Kuafu has said it’s not even going to bother building this cycle. But very few developers have pockets deep enough to sit on bets that big. They’d rather not pay those prices. And sellers of land either haven’t got the message yet, or they don’t care. Just 48 land deals happened in Manhattan in the first half of 2016, compared with 79 in the same period last year, according to Ariel Property Advisors.

“Most landowners don’t have to sell,” Bob Faith, CEO of real estate fund manager Greystar, told TRD in March. “So capitulation typically takes a while.”

It could be a long wait. If developers can’t find condo buyers willing to pay top dollar, construction costs (materials, labor) aren’t falling, and banks are unwilling to finance luxury projects, then why would they buy land? There’s nothing in place to push sellers to act faster either — though Mayor Bill de Blasio vowed to crack down on land speculation by imposing a tax on vacant lots, nothing has come of that initiative yet.

No mezzin’ around: At HFZ’s High Line project, the mezzanine lenders include Vornado, Oxford and SL Green. At JDS and Chetrit’s supertall Brooklyn project, Kushner Companies is on the mezz. For these developers, mezz lending allows for a decent return at a lower risk than an equity investment. It also puts them in pole position to take over the property if the owner can’t make good on payments, as was the case with the Durst Organization at Ian Bruce Eichner’s 1800 Park Avenue. And having developers in the mezz makes banks a lot more chipper too, a top Citigroup exec said at EisnerAmper’s real estate private equity summit last week.

“We are brought deals from mezzanine investors, who say ‘look, we think this deal will be fine, we know the market, we know the asset, and if anything goes wrong, we’re the owners,’” said Marcus Giancaterino, Citi’s head of global CRE finance. “They may actually be our customer, and the borrower will not.”

Zell’s moderator from hell: Sam Zell isn’t known for being PC. The chairman of Equity Group Investments was caught on camera mouthing “fuck you” to one of his own reporters and is known admiringly in private equity circles as “the grave dancer.” But even he was prudent enough to demur when asked a shocker during a one-on-one chat at the EisnerAmper summit.
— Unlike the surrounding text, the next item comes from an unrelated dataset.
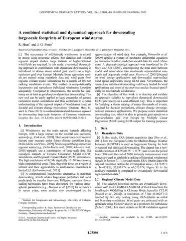 Haas, R. and Pinto, J. G. (2012) A combined statistical and dynamical approach for downscaling large-scale footprints of European windstorms. Geophysical Research Letters, 39 (23). L23804. ISSN 0094-8276 doi: 10.1029/2012GL054014
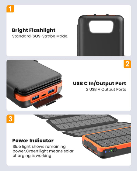 - Solar Charging: Equipped with 4 solar panels and capable of generating up to 6W of power in direct sunlight, the solar power bank provides a reliable source of energy to recharge your devices when you're off the grid.

Zell’s interviewer was Wharton CRE professor Peter Linneman. The two got to talking about the one-child policy in China, when Linneman twice implied that perhaps people don’t want to have sex with Chinese men. He said: “Look at Chinese men, that may be your explanation.”

“That’s too heavy for me,” Zell replied. Someone in the audience stood up to protest Linneman’s remark, and the panel then ended abruptly. Linneman, after a day of radio silence, realized this wasn’t going away, and apologized for what he termed “a misguided attempt at humor.”

Real estate is a pretty homogenous industry, and racism is par for the course. People think they can get away with offensive statements because they do. This was the rare occasion when someone’s ignorance was called out.

Trump’s $916M cushion: The NYT’s Susanne Craig checks her snail mail obsessively, hoping, like so many journalists do, that there’ll someday be an earth-shattering tip in there. On Sept. 23, she found in it what amounted to a piece of the holy grail in this presidential season: portions of Donald Trump’s 1995 tax returns.

The resulting Times story showed that in that year, Trump declared a $916 million loss from his business, a deficit so massive that it effectively could help him avoid paying taxes for up to 18 years. He did this by taking advantage of loopholes in the tax code that make real estate a pretty good industry to be in if you want to avoid paying Uncle Sam. These include 1031 like-kind exchanges, net operating loss and abandonments, as the Gray Lady’s James Stewart explained.

“He has a vast benefit from his destruction” in the 1990s, NYU Schack professor Joel Rosenfeld told the Times.

Former NYC mayor Rudy Giuliani, a key Trump supporter, described the developer’s tax gymnastics as illustrative of his genius. And as for Trump himself? Though he didn’t comment directly on the 1995 tax returns to the newspaper, a June remark he made to Politico gives one a sense of how he feels. When asked to comment by that publication on avoiding paying personal taxes for two years in the early 1990s, he said, simply: “Welcome to the real estate business.”